= Triumphal Cross (Jan Borman) =

The triumphal cross in the Saint Peter's church in Leuven was made between 1490 and 1500 by, presumably, the workshop of the Brussels sculptor Jan Borman. It is even suspected that the figures of Christ, John and Mary were made by the master himself. The chapel in which the triumphal cross is located is the oldest preserved in Leuven, with various but unconfirmed attributions concerning authorship, including Matthijs de Layens, Jan II Borreman, Jan de Messemaker, Hendrik van Evergem.

== Description ==
The figures on the Calvary (the triumphal cross) are very realistic. The balance of expressiveness in draping and nuance in the posture of the figures also leads to the suspicion that it was made by Jan Borman, a well-known and appreciated image cutter. Jesus hangs centrally on the cross. He is howled by John and Mary; their images are attached to the tracery of the cross. Mary turns her face away from the cross, as if she can no longer tolerate the view, but John cannot keep his eyes off it. The two images thus symbolize an important characteristic of late-medieval devotion: the practice of "pity-piety".

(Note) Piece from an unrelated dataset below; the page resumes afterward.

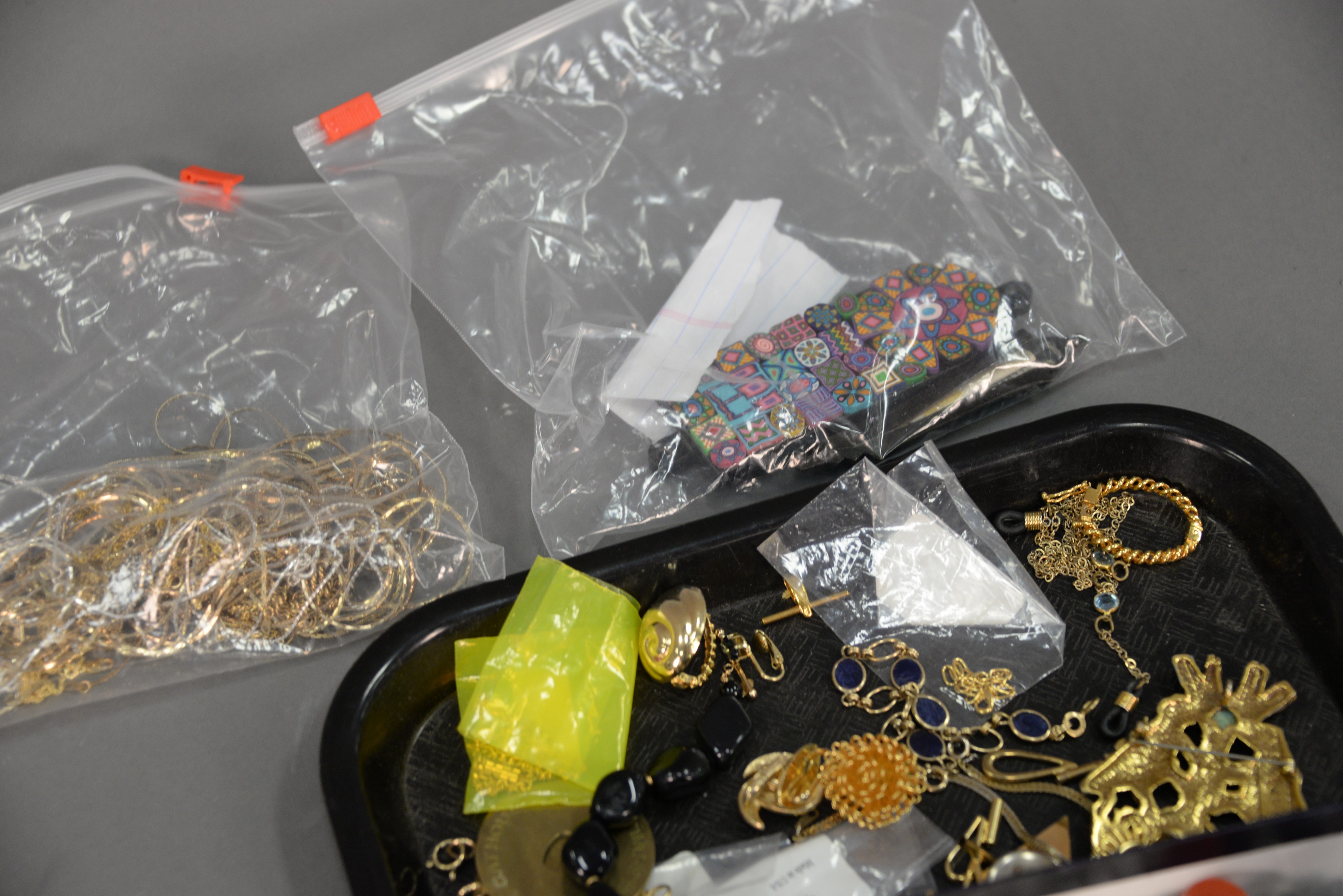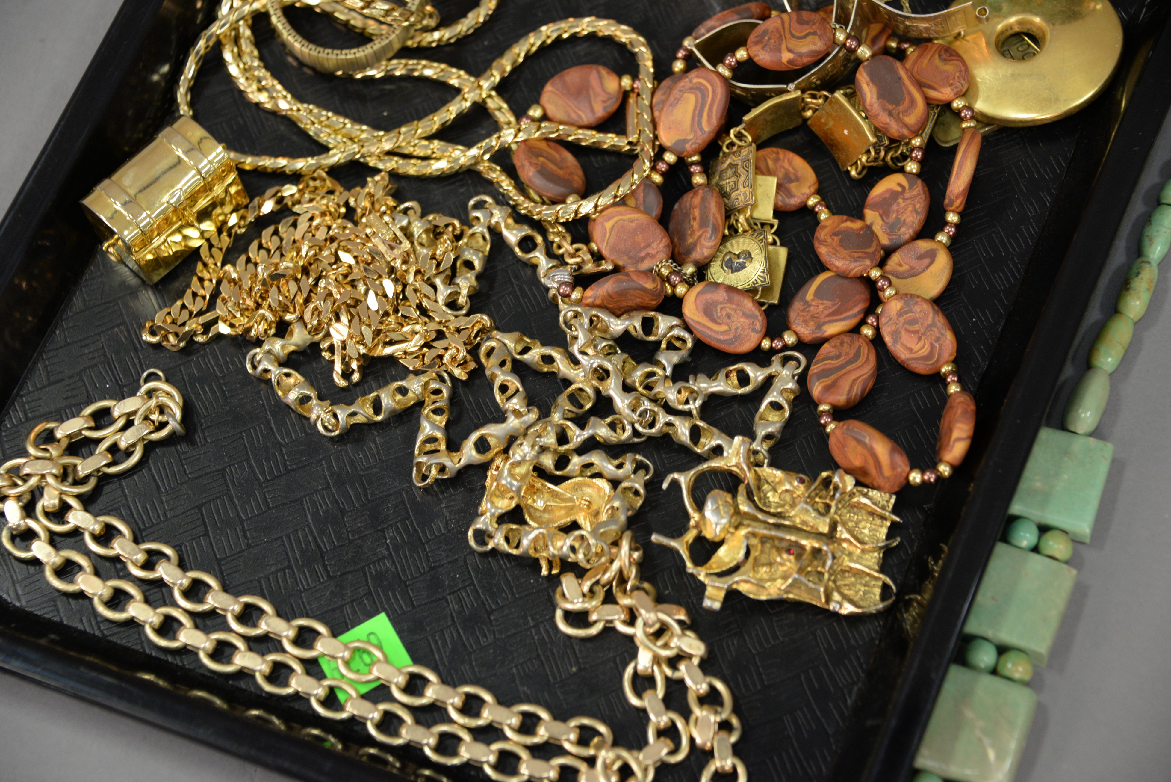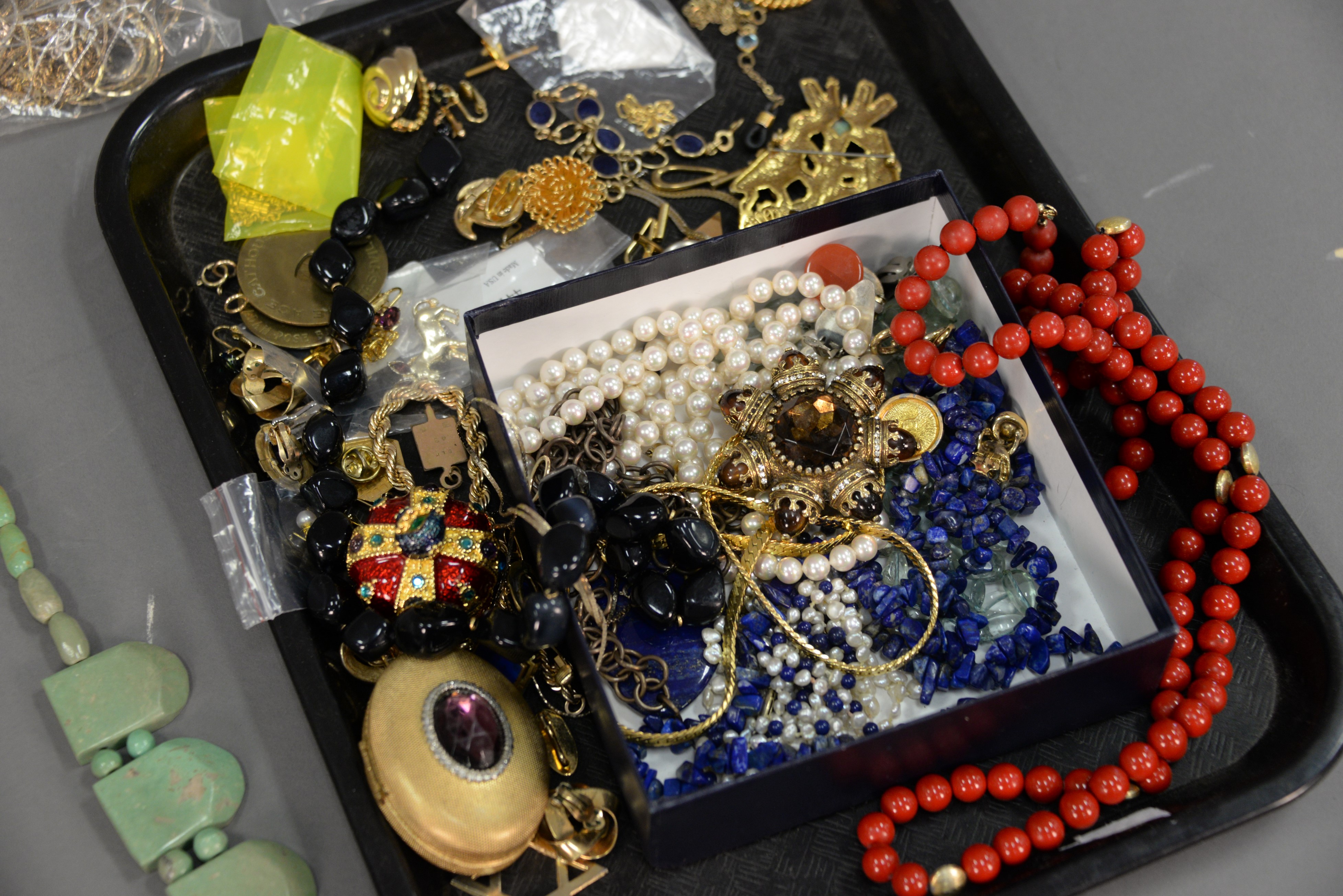 Two trays of costume jewelry.

At the back of the cross itself there is a medallion of the Lamb of God at the rear. The sculpted hill on which the cross rests represents the Golgotha mountain, complete with bones and skulls. At the bottom the ensemble rests on a wooden supporting structure that is divided into three arcades, each of these arcades contains a figure, these are from left to right: Gregory, Peter and Jerome. The church fathers, Ambrosius, Hendrik and Augustinus, are depicted on the back of this. It is suspected that the painter of this panel was Jan der Coutheren from Leuven.